Problem –
Please give back, word for word, only the lines starting at the one containing "给机会就接着,相信经理管理能力$万家周期视野股票发起式A$" and ending at the one containing "والحكمة هي الفهم" within the material below.

Listed records –
##########

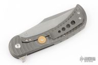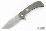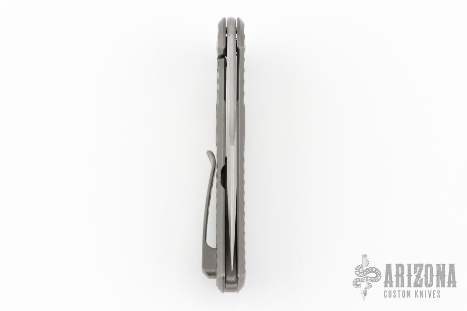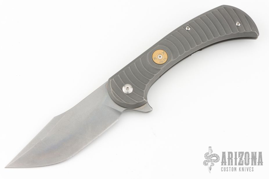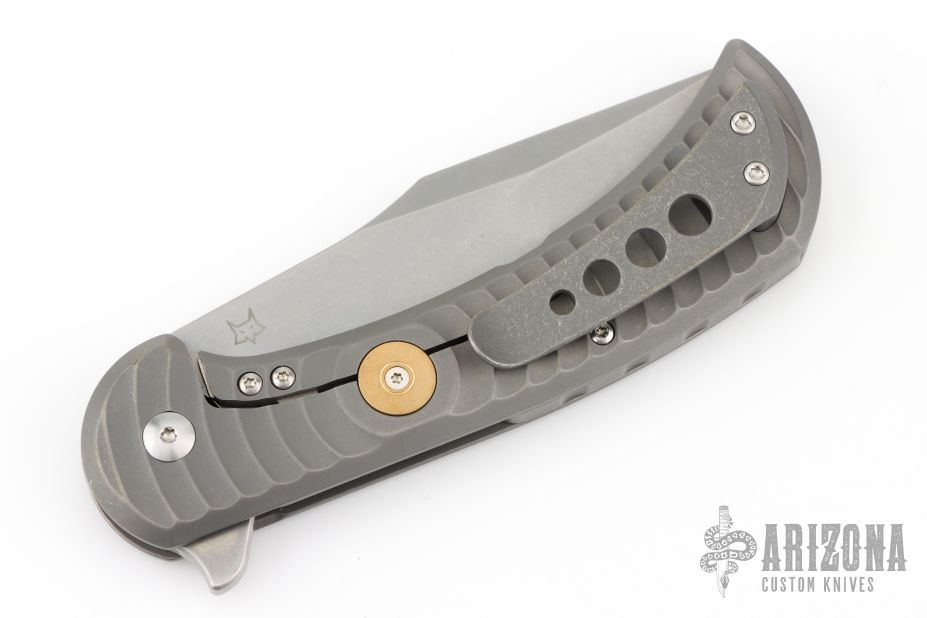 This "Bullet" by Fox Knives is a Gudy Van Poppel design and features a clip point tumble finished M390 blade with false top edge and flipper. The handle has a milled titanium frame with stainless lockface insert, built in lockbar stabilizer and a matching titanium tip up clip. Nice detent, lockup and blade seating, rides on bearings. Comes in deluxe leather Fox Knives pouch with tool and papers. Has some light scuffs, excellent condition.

##########

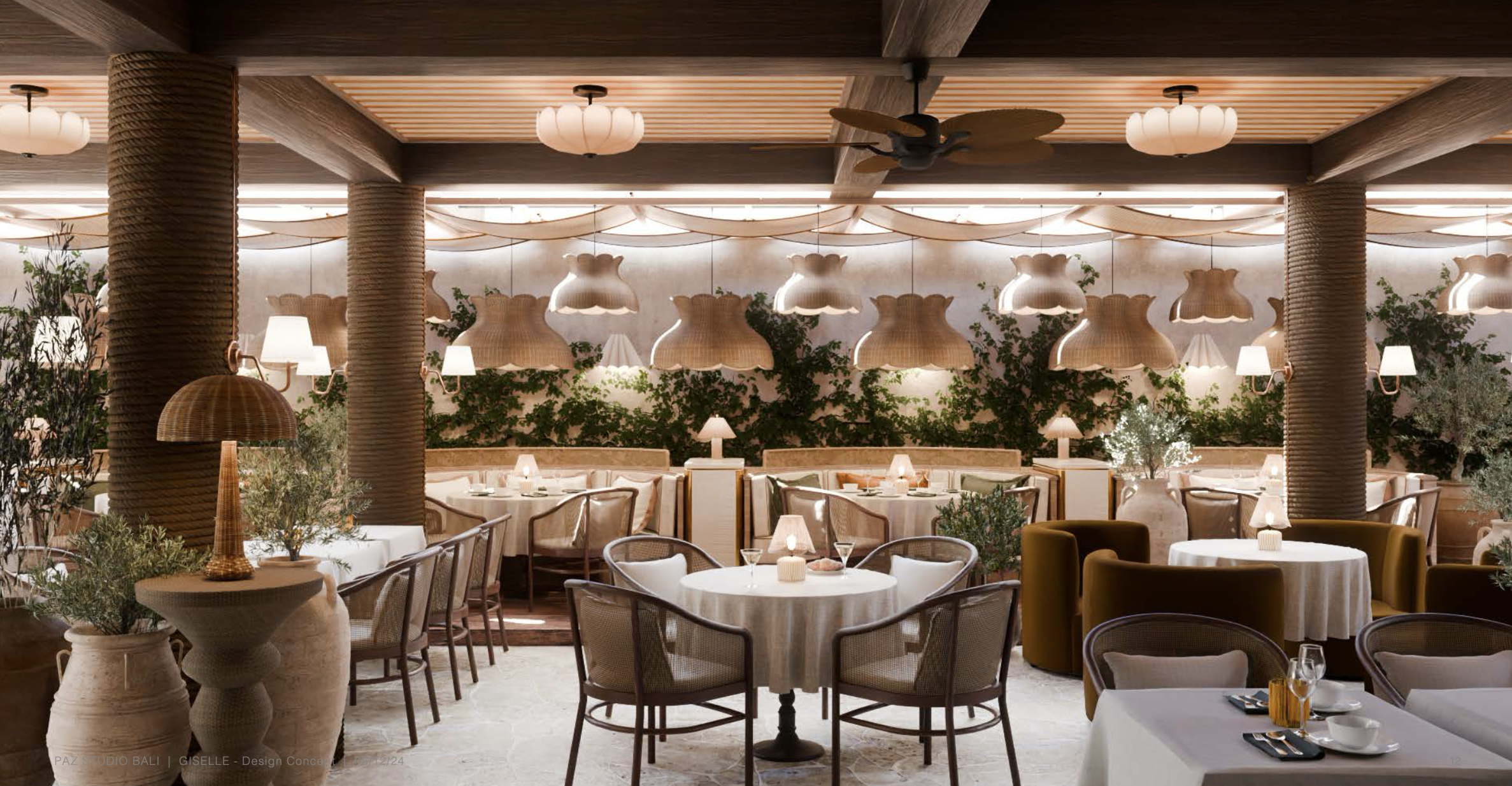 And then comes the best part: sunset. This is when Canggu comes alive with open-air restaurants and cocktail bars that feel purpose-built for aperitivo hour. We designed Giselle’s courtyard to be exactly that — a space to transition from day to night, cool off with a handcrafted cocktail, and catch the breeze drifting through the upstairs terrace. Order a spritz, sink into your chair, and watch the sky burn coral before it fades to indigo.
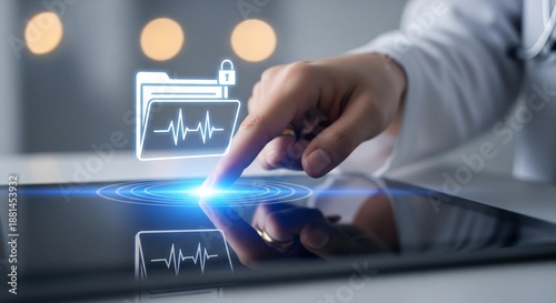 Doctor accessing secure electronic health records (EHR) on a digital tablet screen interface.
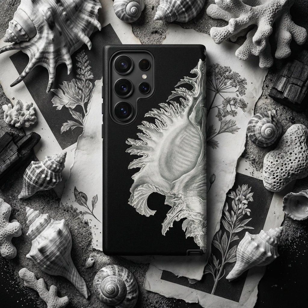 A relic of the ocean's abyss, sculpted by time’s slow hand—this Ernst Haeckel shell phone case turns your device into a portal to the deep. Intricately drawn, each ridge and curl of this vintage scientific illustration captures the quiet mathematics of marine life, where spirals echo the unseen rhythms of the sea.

##########

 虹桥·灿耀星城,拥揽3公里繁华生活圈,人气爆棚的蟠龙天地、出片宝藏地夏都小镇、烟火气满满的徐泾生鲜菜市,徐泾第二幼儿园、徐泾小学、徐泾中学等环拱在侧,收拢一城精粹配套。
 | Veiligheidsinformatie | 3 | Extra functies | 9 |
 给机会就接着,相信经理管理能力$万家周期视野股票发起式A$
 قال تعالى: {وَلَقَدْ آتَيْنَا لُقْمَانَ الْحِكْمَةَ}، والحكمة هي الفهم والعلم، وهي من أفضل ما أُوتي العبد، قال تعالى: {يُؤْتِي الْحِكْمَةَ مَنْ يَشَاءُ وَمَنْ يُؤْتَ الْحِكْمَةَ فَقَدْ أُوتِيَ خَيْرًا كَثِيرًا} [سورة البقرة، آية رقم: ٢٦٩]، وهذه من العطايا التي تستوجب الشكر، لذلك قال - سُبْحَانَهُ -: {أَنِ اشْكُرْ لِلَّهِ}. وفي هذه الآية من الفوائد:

##########

Written answer –
 给机会就接着,相信经理管理能力$万家周期视野股票发起式A$
 قال تعالى: {وَلَقَدْ آتَيْنَا لُقْمَانَ الْحِكْمَةَ}، والحكمة هي الفهم والعلم، وهي من أفضل ما أُوتي العبد، قال تعالى: {يُؤْتِي الْحِكْمَةَ مَنْ يَشَاءُ وَمَنْ يُؤْتَ الْحِكْمَةَ فَقَدْ أُوتِيَ خَيْرًا كَثِيرًا} [سورة البقرة، آية رقم: ٢٦٩]، وهذه من العطايا التي تستوجب الشكر، لذلك قال - سُبْحَانَهُ -: {أَنِ اشْكُرْ لِلَّهِ}. وفي هذه الآية من الفوائد:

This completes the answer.